Directions: Please return the records below exactly as they appear, leaving every picture out.

Data supplied Block Start

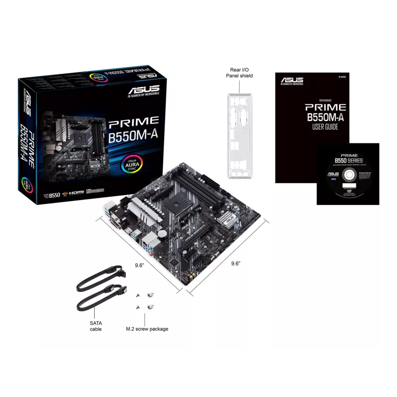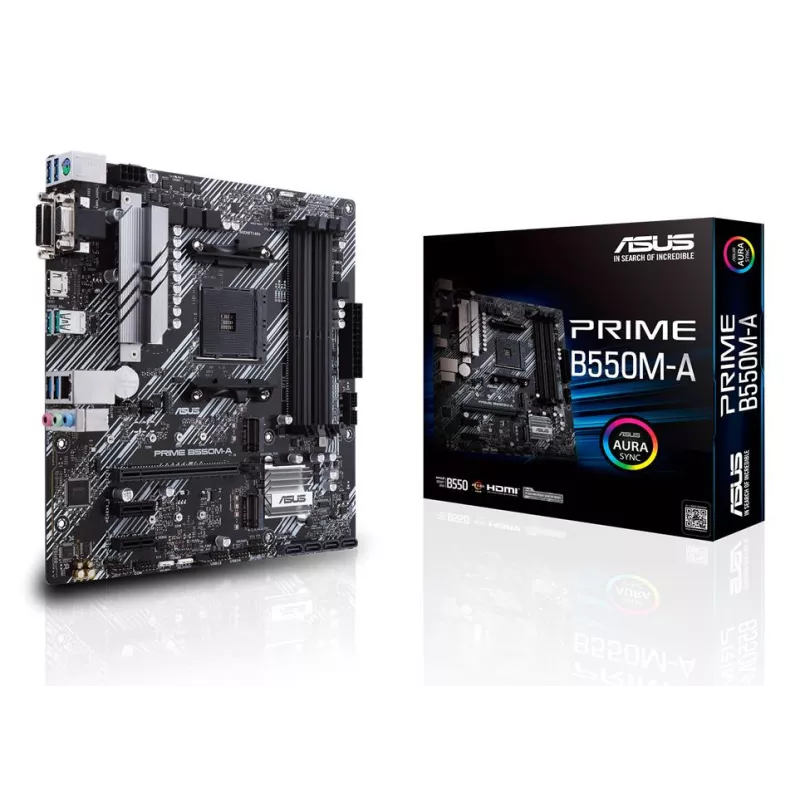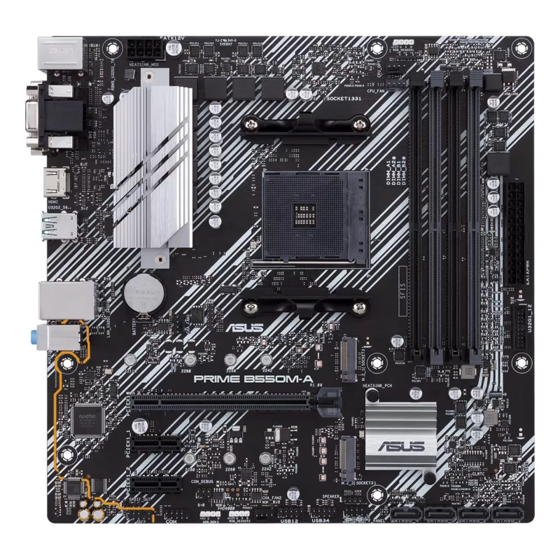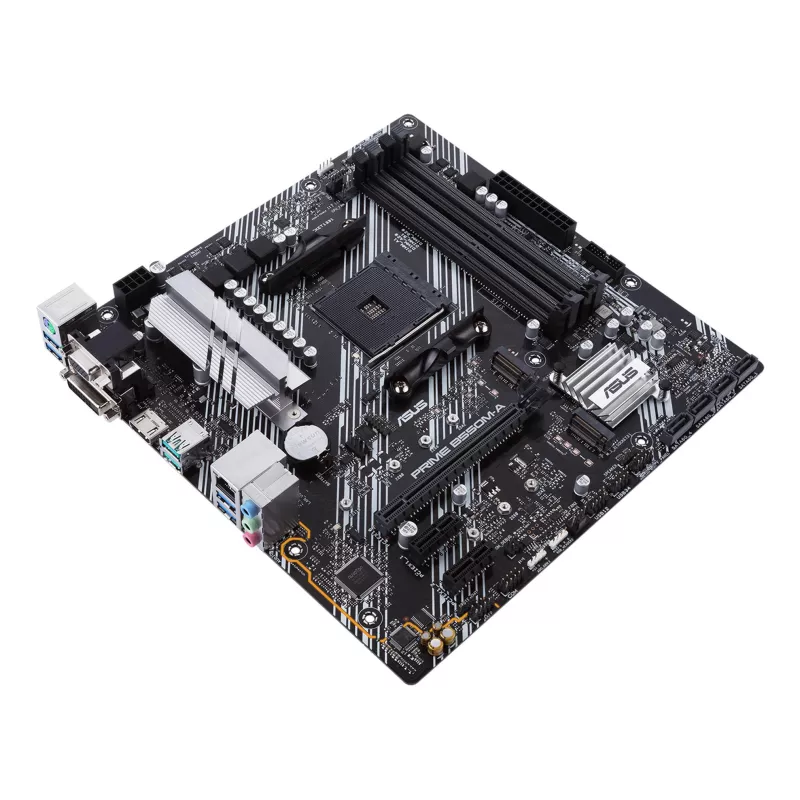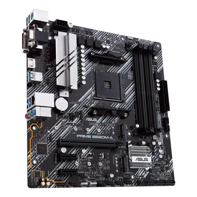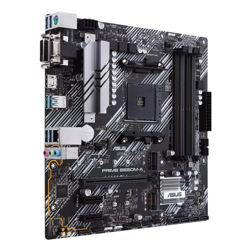 ASUS PRIME B550M-A. PROCESSOR MANUFACTURER: AMD, PROCESSOR SOCKET: SOCKET AM4, COMPATIBLE PROCESSOR SERIES: AMD RYZEN 3000 SERIES. SUPPORTED MEMORY TYPES: DDR4-SDRAM, MAXIMUM INTERNAL MEMORY: 128 GB, MEMORY SLOTS TYPE: DIMM. SUPPORTED STORAGE DRIVE INTERF
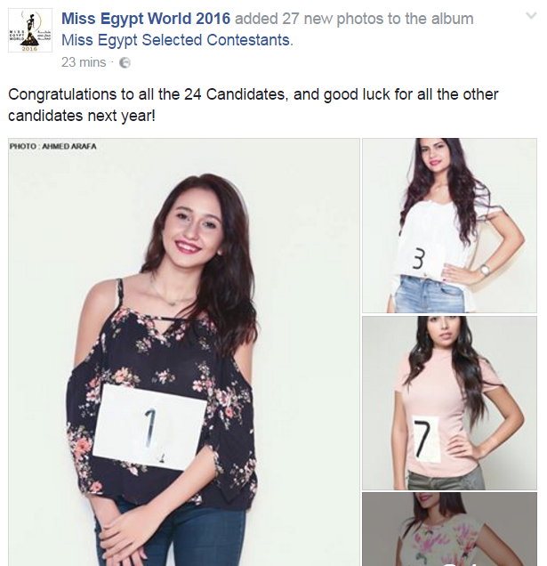 نشرت صفحة “ملكة جمال مصر 2016” على موقع التواصل الاجتماعي “فيس بوك” صور مرشحات مصريات تم اختيارهن للاشتراك في المسابقة.
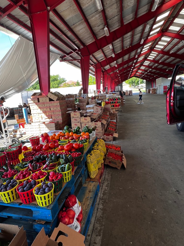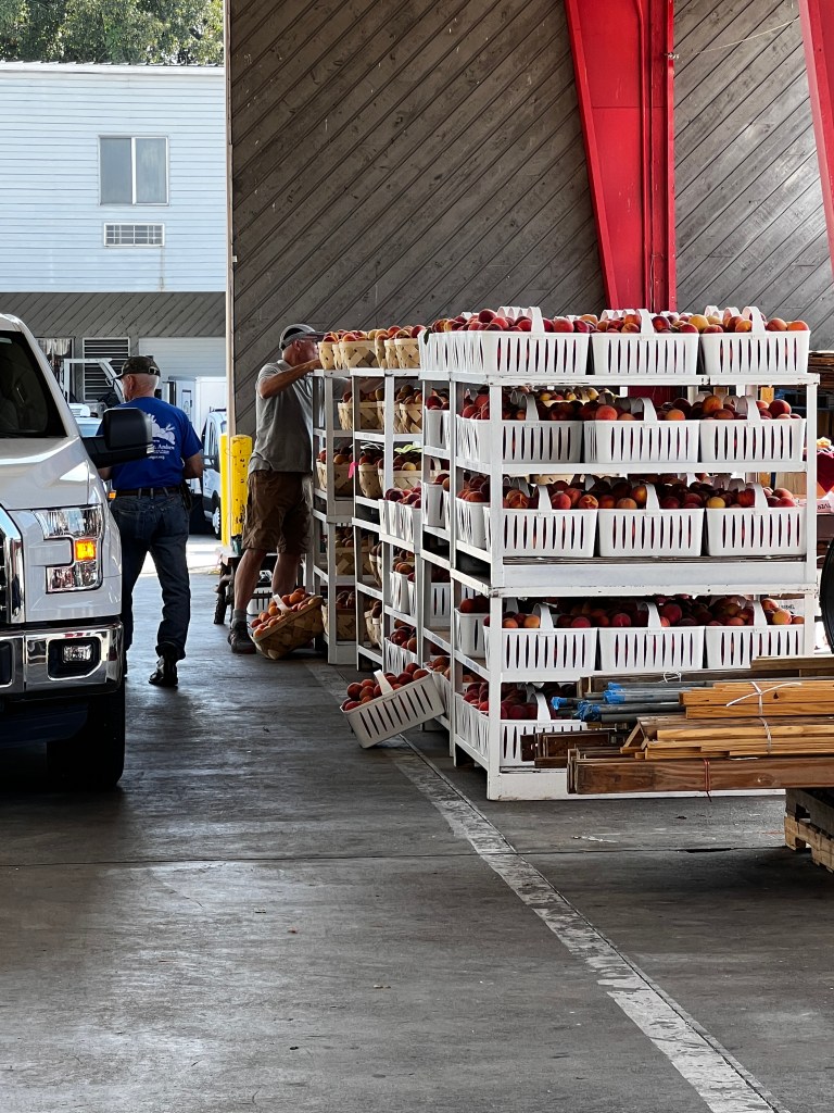 Weekly seasonal farmer’s markets as we know them in the North do exist here. There is a beautiful one every Saturday morning in downtown Asheville, as well as many other weekend markets in the area. But the WNC Farmer’s Market is not like that. It is a permanent daily market with dozens of farmers selling boxes stacked six foot high of fresh produce. There are two covered building you drive through plus a few more buildings on a lower level and a regular covered building including cheese mongers, honey and jams, cured meats, and crafts you can buy. Want tomatoes? You can buy a box of 20 for about $30. Want cucumbers? You better have a restaurant or a big family. You’ll get a dozen. David and I bought a monster basket of peaches for $23. And the basket was pretty! We offloaded most of those on our next stop.
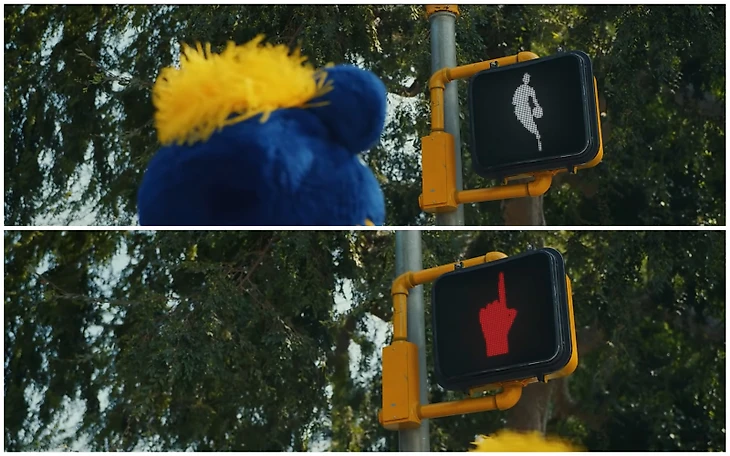 • Разрешающий идти сигнал светофора выполнен в форме логотипа лиги (сделанного по образу и подобию Джерри Уэста). Запрещающий сигнал напоминает нам о любимом жесте Дикембе Мутомбо, которым он одаривал соперников после удачно выполненного блок-шота.
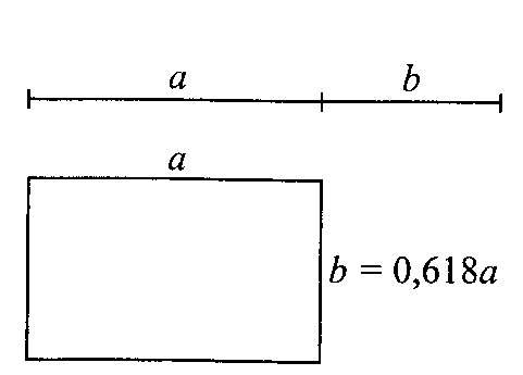 Рис. 6 Золотое сечение (sectio aureu): b так относится к а, как а к сумме а + b (при этом b = 0,618а). С древних времен золотое сечение считается самой совершенной, гармоничной, уравновешенной пропорцией
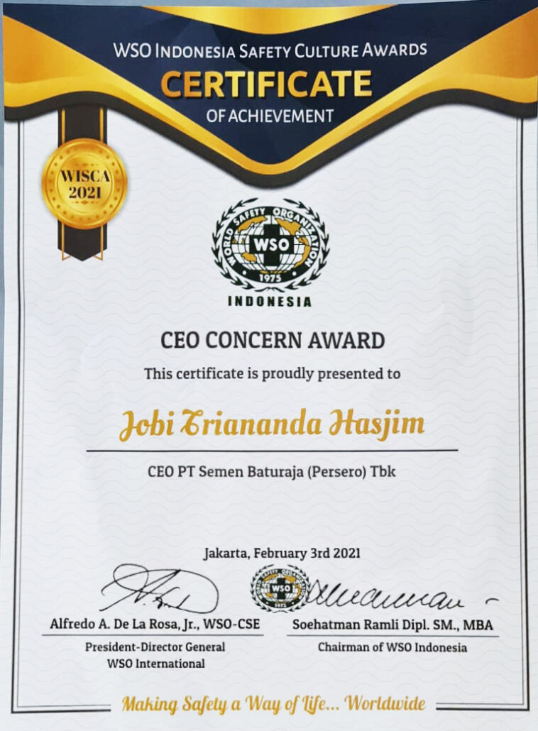 Pencapaian penting ini akan terus ditingkatkan dengan menjalankan Sistem Manajemen K3, tentu saja dengan dukungan dan pembinaan dari Direksi Semen Baturaja yaitu Bapak Jobi Triananda Hasjim selaku Direktur Utama, Direktur Produksi dan Pengembangan Bapak Daconi, Direktur Umum & SDM Bapak Amrullah, Direktur Keuangan Bapak M.Jamil dan Direktur Pemasaran Bapak Mukhamad Saifudin.
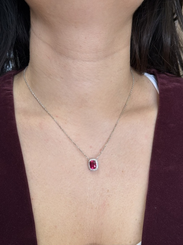 Collana da donna in argento 925 Con pendente rettanglare e impreziosito da giro di zirconi e zircone colorato. Chiusura a moschetone
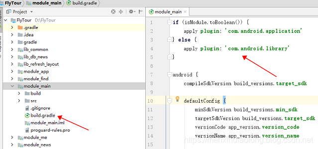 先打开FlyTour工程的根目录下找到gradle.properties 文件,然后将 isModule 改为你需要的开发模式(true/false), 然后点击 "Sync Project" 按钮同步项目
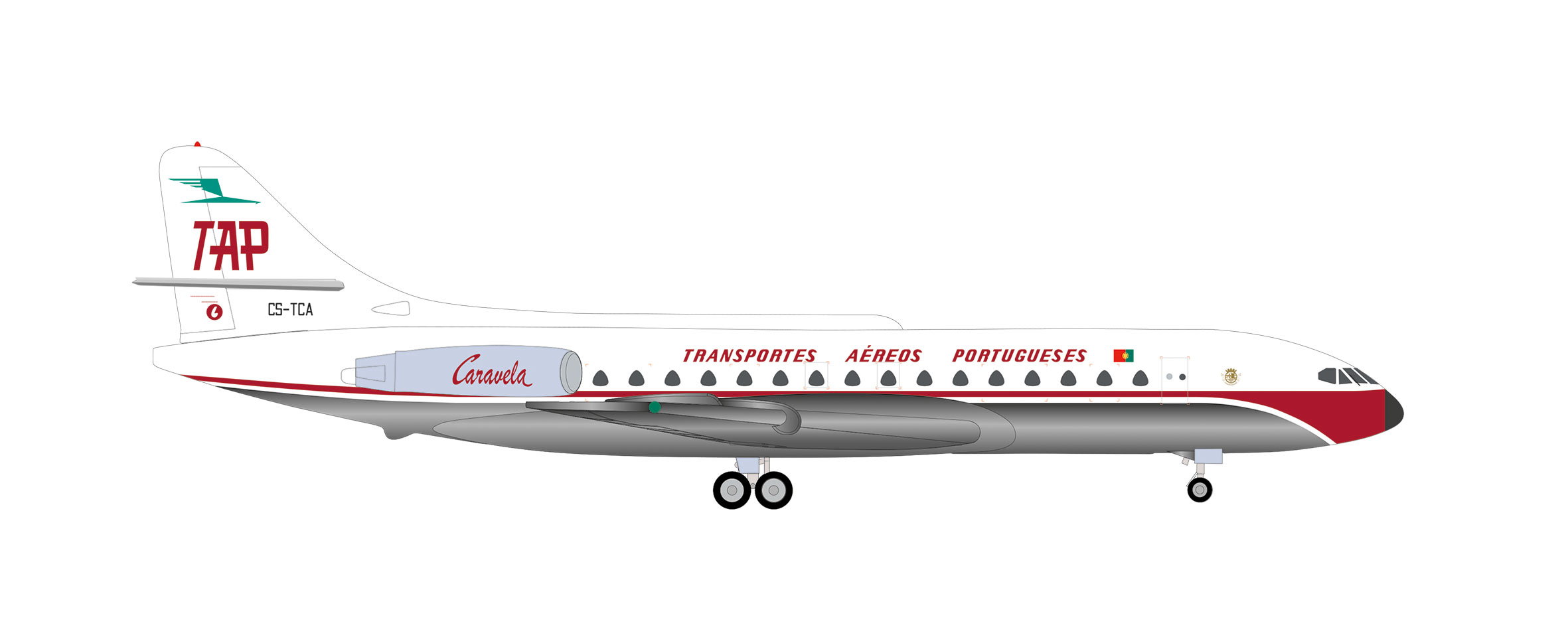 1955 ? vor 70 Jahren ? hob die Caravelle des französischen Herstellers Sud Aviation zu ihrem Jungfernflug ab. Sie war eines der ersten strahlgetriebenen Verkehrsflugzeuge für kurze und mittlere Strecken. Neu war seinerzeit die Anordnung der Triebwerke am Heck ? ein Konzept, das später oft kopiert werden sollte. Parallel zu diesem Jubiläum bietet Herpa im Maßstab 1:500 eine kleine Serie in einmalig limitierten Auflagen an. Den Anfang machte eine Caravelle in den Farben von Finnair (Art.Nr. 538510). Als zweites Modell der kleine Jubiläums-Serie folgt ein Zweistrahler aus Portugal. 1962 begann bei TAP mit der Auslieferung der CS-TCA als erste von insgesamt sechs Caravelle das Jet-Zeitalter. Mit der Indienststellung konnte TAP ihr Netzwerk innerhalb Europas, unter anderem nach Deutschland und in die Schweiz, erheblich ausbauen. Die Caravelle bot einen erheblichen Gewinn an Zeit und Komfort gegenüber den bis dahin eingesetzten Douglas DC-3 und DC-4, die teils noch aus Altbeständen der US-Luftwaffe stammten. Die letzten Caravelle-Jets wurden erst 1975, vor 50 Jahren, außer Dienst gestellt.
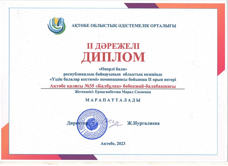 Ақтөбе облысы, Ақтөбе қаласы, Астана ауданы, Жаңақоныс тұрғындар алабы, №35 «Балбұлақ» балабақшасы МКҚК бойынша «Өнерлі бала» республикалық балалар шығармашылығы байқауына «Асатаяқ» аспаптар биімен қатысып облыстық деңгейден «Үздік балалар костюмы» номинациясымен ІІ орын дипломын иеленді

Data supplied Block End

Task output:
 ASUS PRIME B550M-A. PROCESSOR MANUFACTURER: AMD, PROCESSOR SOCKET: SOCKET AM4, COMPATIBLE PROCESSOR SERIES: AMD RYZEN 3000 SERIES. SUPPORTED MEMORY TYPES: DDR4-SDRAM, MAXIMUM INTERNAL MEMORY: 128 GB, MEMORY SLOTS TYPE: DIMM. SUPPORTED STORAGE DRIVE INTERF
 نشرت صفحة “ملكة جمال مصر 2016” على موقع التواصل الاجتماعي “فيس بوك” صور مرشحات مصريات تم اختيارهن للاشتراك في المسابقة.
 Weekly seasonal farmer’s markets as we know them in the North do exist here. There is a beautiful one every Saturday morning in downtown Asheville, as well as many other weekend markets in the area. But the WNC Farmer’s Market is not like that. It is a permanent daily market with dozens of farmers selling boxes stacked six foot high of fresh produce. There are two covered building you drive through plus a few more buildings on a lower level and a regular covered building including cheese mongers, honey and jams, cured meats, and crafts you can buy. Want tomatoes? You can buy a box of 20 for about $30. Want cucumbers? You better have a restaurant or a big family. You’ll get a dozen. David and I bought a monster basket of peaches for $23. And the basket was pretty! We offloaded most of those on our next stop.
 • Разрешающий идти сигнал светофора выполнен в форме логотипа лиги (сделанного по образу и подобию Джерри Уэста). Запрещающий сигнал напоминает нам о любимом жесте Дикембе Мутомбо, которым он одаривал соперников после удачно выполненного блок-шота.
 Рис. 6 Золотое сечение (sectio aureu): b так относится к а, как а к сумме а + b (при этом b = 0,618а). С древних времен золотое сечение считается самой совершенной, гармоничной, уравновешенной пропорцией
 Pencapaian penting ini akan terus ditingkatkan dengan menjalankan Sistem Manajemen K3, tentu saja dengan dukungan dan pembinaan dari Direksi Semen Baturaja yaitu Bapak Jobi Triananda Hasjim selaku Direktur Utama, Direktur Produksi dan Pengembangan Bapak Daconi, Direktur Umum & SDM Bapak Amrullah, Direktur Keuangan Bapak M.Jamil dan Direktur Pemasaran Bapak Mukhamad Saifudin.
 Collana da donna in argento 925 Con pendente rettanglare e impreziosito da giro di zirconi e zircone colorato. Chiusura a moschetone
 先打开FlyTour工程的根目录下找到gradle.properties 文件,然后将 isModule 改为你需要的开发模式(true/false), 然后点击 "Sync Project" 按钮同步项目
 1955 ? vor 70 Jahren ? hob die Caravelle des französischen Herstellers Sud Aviation zu ihrem Jungfernflug ab. Sie war eines der ersten strahlgetriebenen Verkehrsflugzeuge für kurze und mittlere Strecken. Neu war seinerzeit die Anordnung der Triebwerke am Heck ? ein Konzept, das später oft kopiert werden sollte. Parallel zu diesem Jubiläum bietet Herpa im Maßstab 1:500 eine kleine Serie in einmalig limitierten Auflagen an. Den Anfang machte eine Caravelle in den Farben von Finnair (Art.Nr. 538510). Als zweites Modell der kleine Jubiläums-Serie folgt ein Zweistrahler aus Portugal. 1962 begann bei TAP mit der Auslieferung der CS-TCA als erste von insgesamt sechs Caravelle das Jet-Zeitalter. Mit der Indienststellung konnte TAP ihr Netzwerk innerhalb Europas, unter anderem nach Deutschland und in die Schweiz, erheblich ausbauen. Die Caravelle bot einen erheblichen Gewinn an Zeit und Komfort gegenüber den bis dahin eingesetzten Douglas DC-3 und DC-4, die teils noch aus Altbeständen der US-Luftwaffe stammten. Die letzten Caravelle-Jets wurden erst 1975, vor 50 Jahren, außer Dienst gestellt.
 Ақтөбе облысы, Ақтөбе қаласы, Астана ауданы, Жаңақоныс тұрғындар алабы, №35 «Балбұлақ» балабақшасы МКҚК бойынша «Өнерлі бала» республикалық балалар шығармашылығы байқауына «Асатаяқ» аспаптар биімен қатысып облыстық деңгейден «Үздік балалар костюмы» номинациясымен ІІ орын дипломын иеленді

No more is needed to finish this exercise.